According to the standard library "A future is a value that might not have finished computing yet. This kind of 'asynchronous value' makes it possible for a thread to continue doing useful work while it waits for the value to become available." Futures are state machines which track the progress of the operation within and provide a method poll to interact with said state. We call futures a zero-cost abstraction because the state machine compiles to enum-like structs which are stack allocated.

// this Rust code
async fn example() {
    sync();
    foo().await;
    boo().await;
    sync();
}

// At a high level, compiles to something like this
enum ExampleStateMachine {
    Start,
    FooStoppingPoint,
    BooStoppingPoint,
    End,
}

The poll method tries to execute the future and resolve it to its final value. fn poll returns either Poll::Pending or Ready(T). If the future is Pending, rather than blocking the thread, it ensures a Waker (via the given Context cx parameter) is registered with the executor so the reactor can notify it when ready so the future can be polled again to resume execution. We'll learn more about the executor and reactor in the next section as we dive into the internals of async runtimes.

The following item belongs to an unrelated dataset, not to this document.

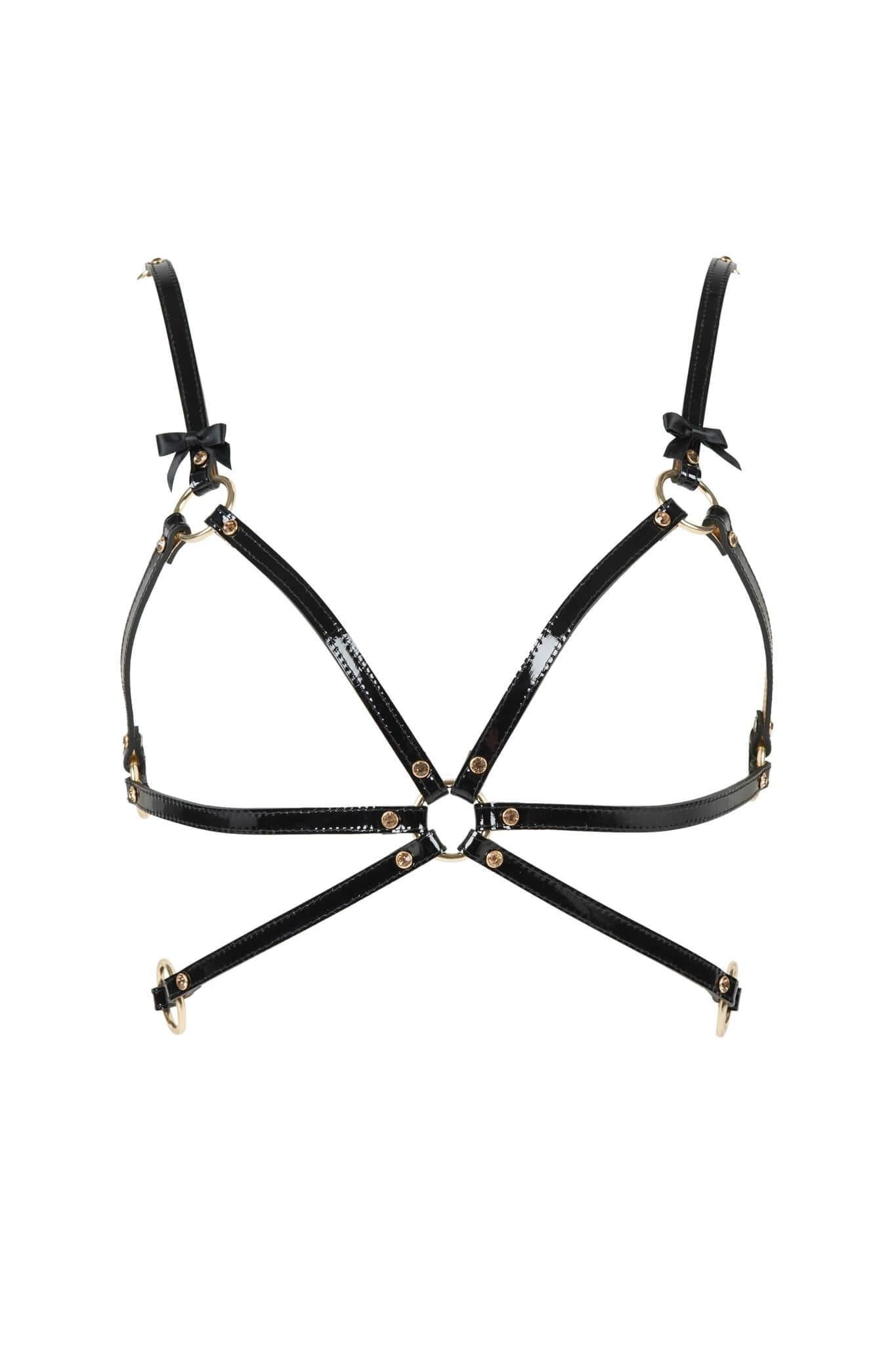 Unleash your inner Sex Kitten wearing our Jet Playsuit! Featuring detachable black & leather garters, gold crystal rivets, and hand sewn black satin bow details. Style this flirty playsuit with or without garters over your favorite fashion outfit.

// taken from https://doc.rust-lang.org/std/task/enum.Poll.html
pub enum Poll<T> {
    // with the result `val` of this future if it finished successfully.
    Ready(T), 
    // if the future is not ready yet
    Pending, 
}

// traits in Rust are similar to interfaces
pub trait Future { 
    // the type of value produced on completion
    type Output; 
    // the future must be Pinned, see Memory Management
    fn poll(self: Pin<&mut Self>, cx: &mut Context<'_>) -> Poll<Self::Output>;
}

The await keyword compiles into a state machine that repeatedly polls the future. When the future returns Poll::Pending, the state machine yields control and arranges to be resumed later.

Unlike JavaScript, where a Promise begins executing as soon as it is created, a Rust Future does nothing until it is polled. This is why Rust futures are considered lazy.

async fn parse_data() -> String {
    //...
}
fn main() {
    let result = parse_data(); // this executes on a later poll
    result.await; // future is polled, its now executing
}

Memory Management

Futures must be pinned because of their potentially self-referential nature as state machines, as the future is polled and progress is made the runtime must return to the same place in memory to track its progress in the state machine. According to the standard library, the pin smart pointer ensures that the value it is pointing at is the following:

Not be moved out of its memory location

More generally, remain valid at that same memory location

The Send and Sync traits are important for sending data across threads. According to The Rustonomicon chapter 8.2:

A type is Send if it is safe to send it to another thread.

A type is Sync if it is safe to share between threads (T is Sync if and only if &T is Send).

Atomically Reference Counted pointers or Arc<T> provide shared ownership of a value of type T, allocated in the heap across thread boundaries. This allows one piece of data to be referenced across threads immutably. If mutability is required, interior mutability through the Mutex, RwLock, or the Atomic types are great options.

In tokio, and many multithreaded runtimes written in Rust, data sent to a task must use a 'static lifetime and implement the Send trait because it is impossible to guarantee that any given thread will return.

Introduction to Async Runtimes

Async Rust is hard, highly controversial, and widely criticized because it fails to hide the implementation details of asynchronicity. It can be argued that futures and Rust async model aren't a zero-cost abstraction because the cost is the complexity. In my view, the best way to learn async Rust is to learn how runtimes actually work.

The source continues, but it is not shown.